* [PROBLEM STATEMENT] With the pictures left out, write out exactly the lines of the listing below that run from the line with "Wenn man ihn" through the line with "The ranch has".

* [MATERIALS PROVIDED]
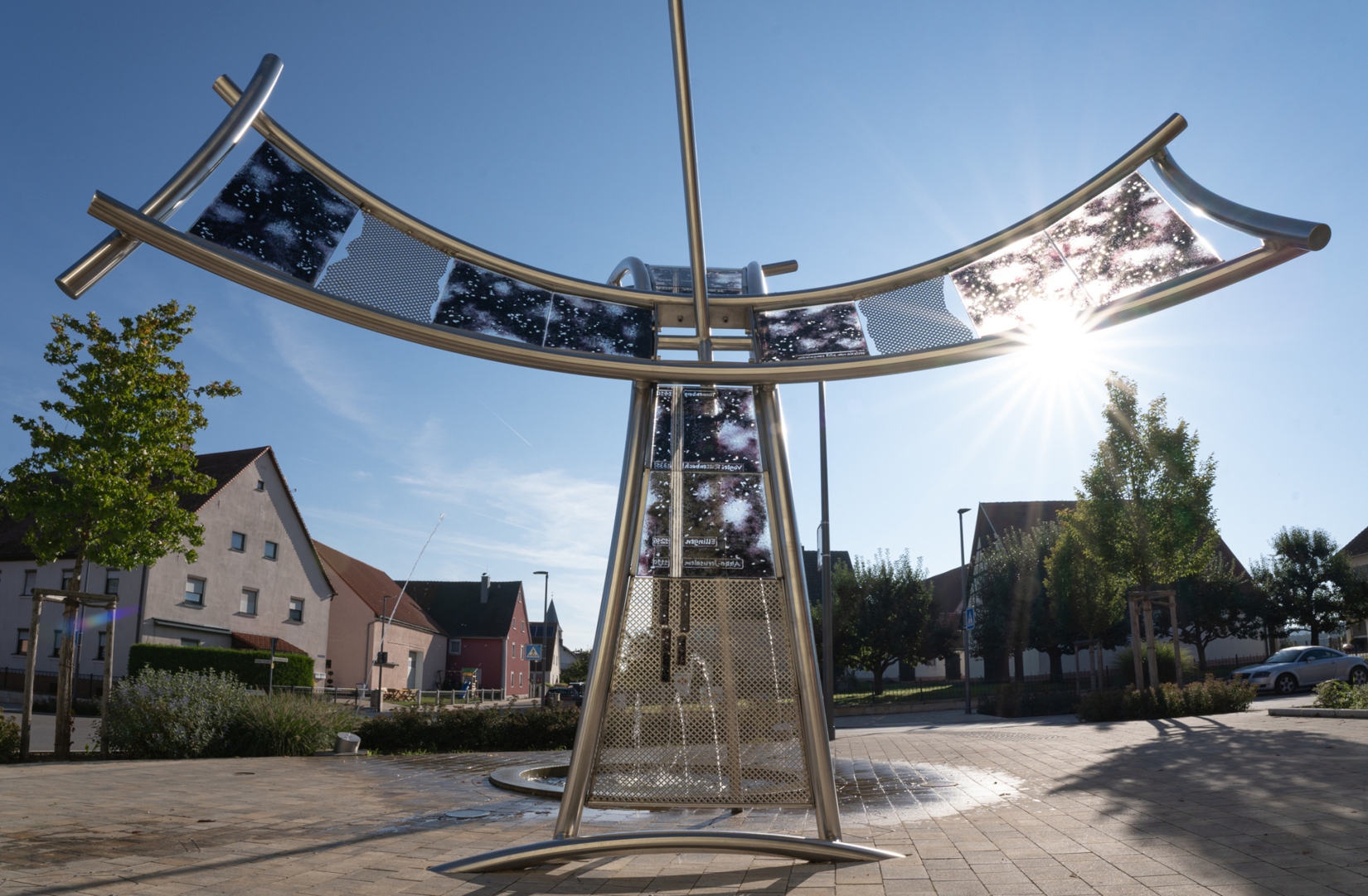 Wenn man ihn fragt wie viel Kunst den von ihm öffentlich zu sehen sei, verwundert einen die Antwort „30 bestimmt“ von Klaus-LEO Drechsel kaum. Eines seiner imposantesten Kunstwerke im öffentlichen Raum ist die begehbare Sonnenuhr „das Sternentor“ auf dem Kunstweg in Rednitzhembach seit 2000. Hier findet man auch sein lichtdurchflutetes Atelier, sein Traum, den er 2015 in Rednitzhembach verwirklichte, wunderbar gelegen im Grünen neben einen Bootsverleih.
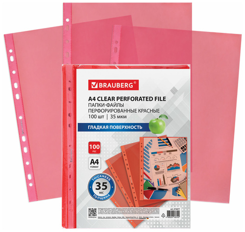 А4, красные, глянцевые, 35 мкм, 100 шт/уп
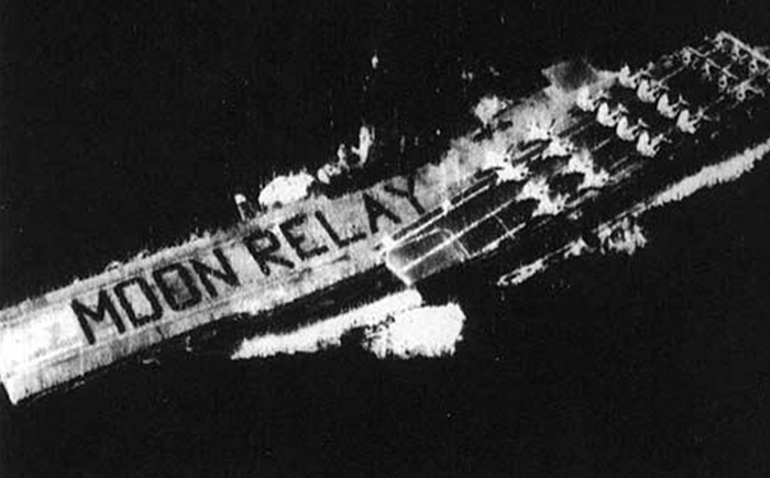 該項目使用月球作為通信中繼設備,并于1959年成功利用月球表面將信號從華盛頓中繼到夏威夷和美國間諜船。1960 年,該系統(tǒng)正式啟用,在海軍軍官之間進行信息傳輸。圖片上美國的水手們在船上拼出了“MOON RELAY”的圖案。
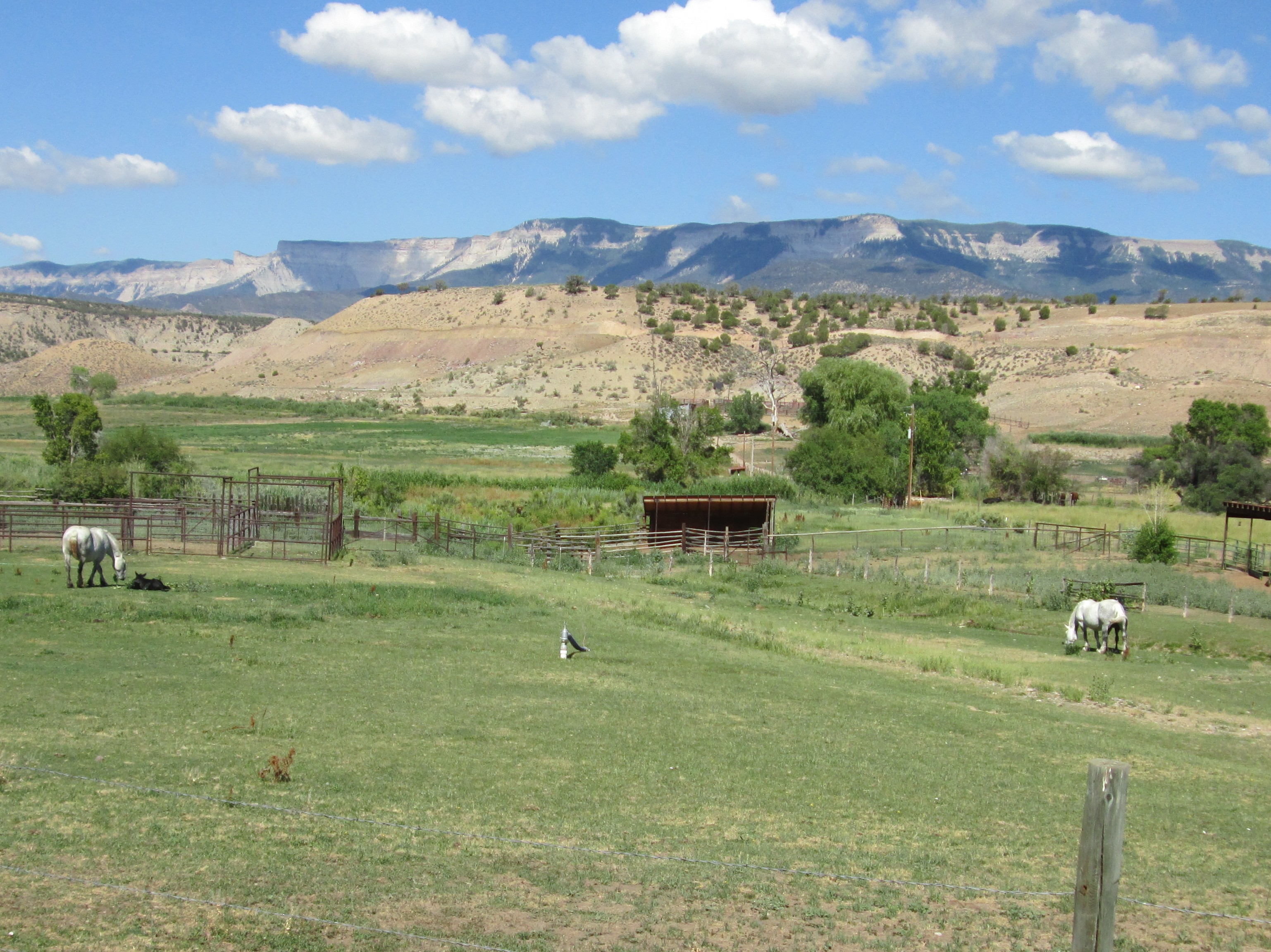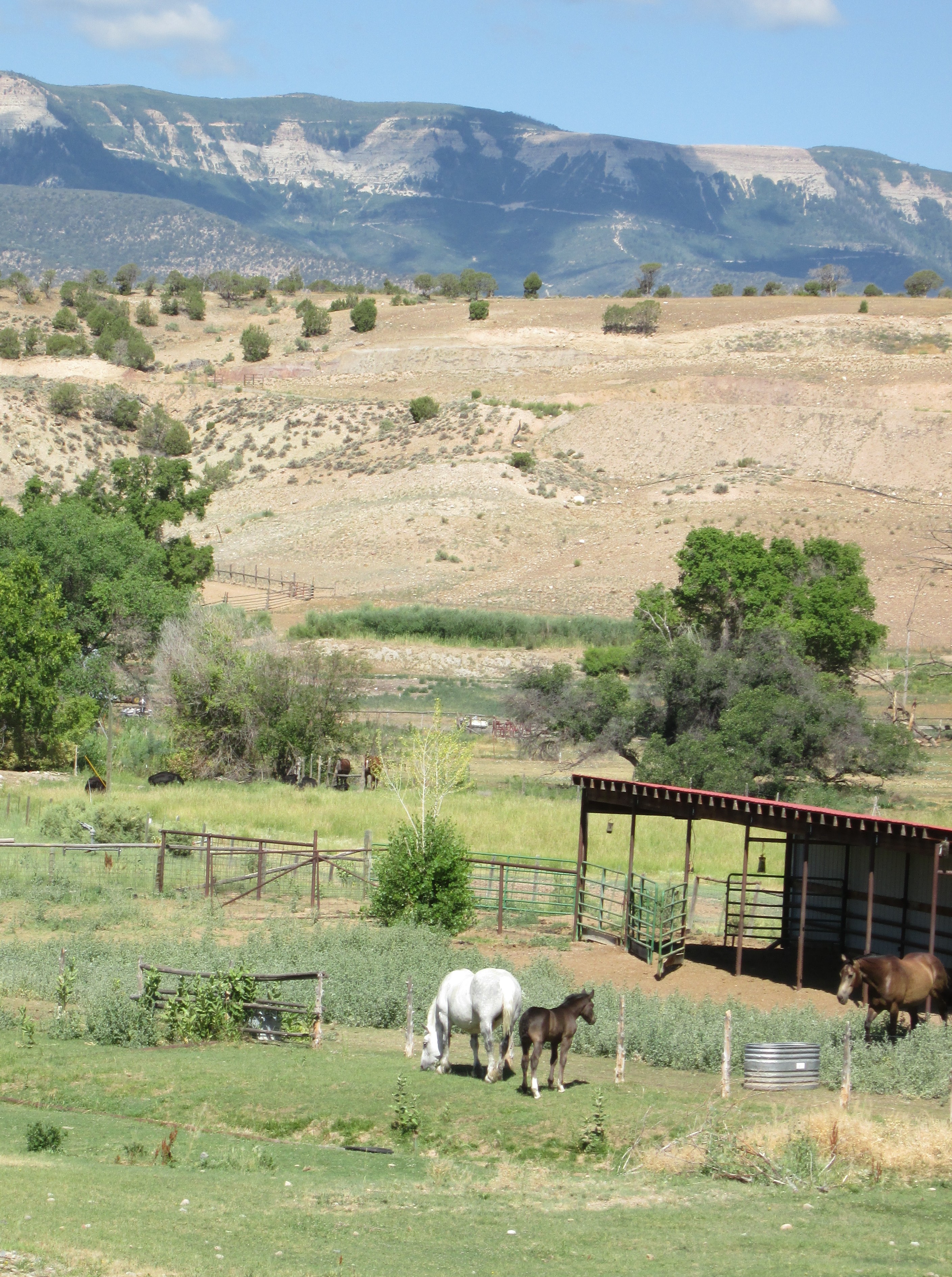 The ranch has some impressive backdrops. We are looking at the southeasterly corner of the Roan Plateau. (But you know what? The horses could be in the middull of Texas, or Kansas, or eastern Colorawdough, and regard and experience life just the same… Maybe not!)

* * *

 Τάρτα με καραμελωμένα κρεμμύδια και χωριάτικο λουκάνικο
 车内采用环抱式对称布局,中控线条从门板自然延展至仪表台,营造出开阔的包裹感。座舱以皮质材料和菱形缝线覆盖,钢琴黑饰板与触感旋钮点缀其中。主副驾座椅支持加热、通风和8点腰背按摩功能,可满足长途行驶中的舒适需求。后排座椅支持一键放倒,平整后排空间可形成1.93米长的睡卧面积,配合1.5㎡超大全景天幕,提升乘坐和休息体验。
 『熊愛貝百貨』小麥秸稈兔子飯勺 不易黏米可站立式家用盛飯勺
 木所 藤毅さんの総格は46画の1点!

* [RESPONSE BELOW]
 Wenn man ihn fragt wie viel Kunst den von ihm öffentlich zu sehen sei, verwundert einen die Antwort „30 bestimmt“ von Klaus-LEO Drechsel kaum. Eines seiner imposantesten Kunstwerke im öffentlichen Raum ist die begehbare Sonnenuhr „das Sternentor“ auf dem Kunstweg in Rednitzhembach seit 2000. Hier findet man auch sein lichtdurchflutetes Atelier, sein Traum, den er 2015 in Rednitzhembach verwirklichte, wunderbar gelegen im Grünen neben einen Bootsverleih.
 А4, красные, глянцевые, 35 мкм, 100 шт/уп
 該項目使用月球作為通信中繼設備,并于1959年成功利用月球表面將信號從華盛頓中繼到夏威夷和美國間諜船。1960 年,該系統(tǒng)正式啟用,在海軍軍官之間進行信息傳輸。圖片上美國的水手們在船上拼出了“MOON RELAY”的圖案。
 The ranch has some impressive backdrops. We are looking at the southeasterly corner of the Roan Plateau. (But you know what? The horses could be in the middull of Texas, or Kansas, or eastern Colorawdough, and regard and experience life just the same… Maybe not!)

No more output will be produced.